First, I tried to pass the values in the following manner:
df = df.as_matrix()
print stats.friedmanchisquare([df[x, :] for x in np.arange(df.shape[0])])
but I get:
ValueError:
Less than 3 levels. Friedman test not appropriate.
Second, I also tried not converting it to a matrix-form leaving it as a DataFrame (which would be ideal for me), but I guess this is not supported yet, or I am doing it wrong:
print stats.friedmanchisquare([row for index, row in df.iterrows()])
which also gives me the error:
ValueError:
Less than 3 levels.
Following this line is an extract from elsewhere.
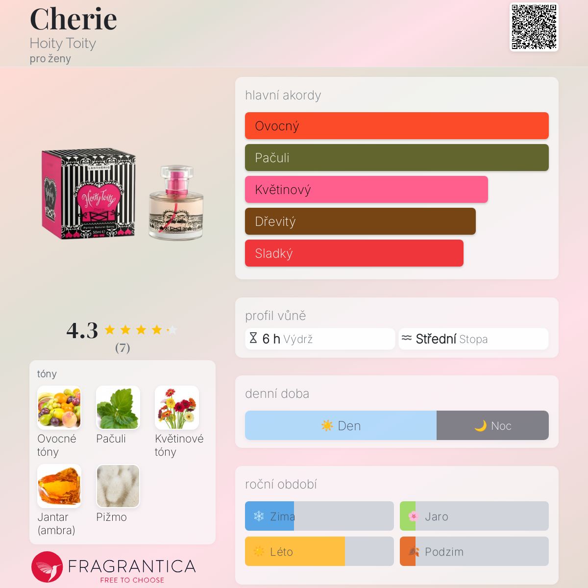 Cherie podle Hoity Toity je Floral Fruity vůně pro ženy. Cherie byl/a uveden/a v roce 2004. Vrchní tón je Ovocné tóny ; střední tón jeKvětinové tóny ; základní tóny jsou Pačuli, Jantar (ambra) a Pižmo.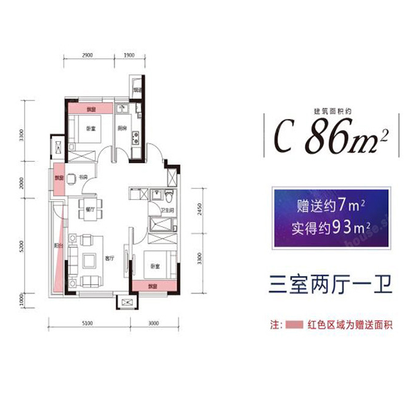 86平三室两厅一卫C户型,红色区域为赠送面积。该户型赠送7平米,实得约93平,空间面积利用率高,实用面积大。

Friedman test not appropriate.
So, my question is: what is the correct way of passing parameters to stats.friedmanchisquare based on df
? (or even using its df.as_matrix()
representation)
You can download my dataframe in csv format here and read it using:
df = pd.read_csv('df.csv', header=0, index_col=0)
Thank you for your help :)
Solution:
Based on @Ami Tavory and @vicg's answers (please vote on them), the solution to my problem, based on the matrix representation of the data, is to add the *
-operator defined here, but better explained here, as follows:
df = df.as_matrix()
print stats.friedmanchisquare(*[df[x, :] for x in np.arange(df.shape[0])])
And the same is true if you want to work with the original dataframe, which is what I ideally wanted:
print stats.friedmanchisquare(*[row for index, row in df.iterrows()])
in this manner you iterate over the dataframe in its native format.
Note that I went ahead and ran some timeit
tests to see which way is faster and as it turns out, converting it first to a numpy array
beforehand is twice as fast than using df
in its original dataframe format.
This was my experimental setup:
import timeit
setup = '''
import pandas as pd
import scipy.stats as stats
import numpy as np
df = pd.read_csv('df.csv', header=0, index_col=0)
'''
theCommand = '''
df = np.array(df)
stats.friedmanchisquare(*[df[x, :] for x in np.arange(df.shape[0])])
'''
print min(timeit.Timer(stmt=theCommand, setup=setup).repeat(10, 10000))
theCommand = '''
stats.friedmanchisquare(*[row for index, row in df.iterrows()])
'''
print min(timeit.Timer(stmt=theCommand, setup=setup).repeat(10, 10000))
which yields the following results:
4.97029900551
8.7627799511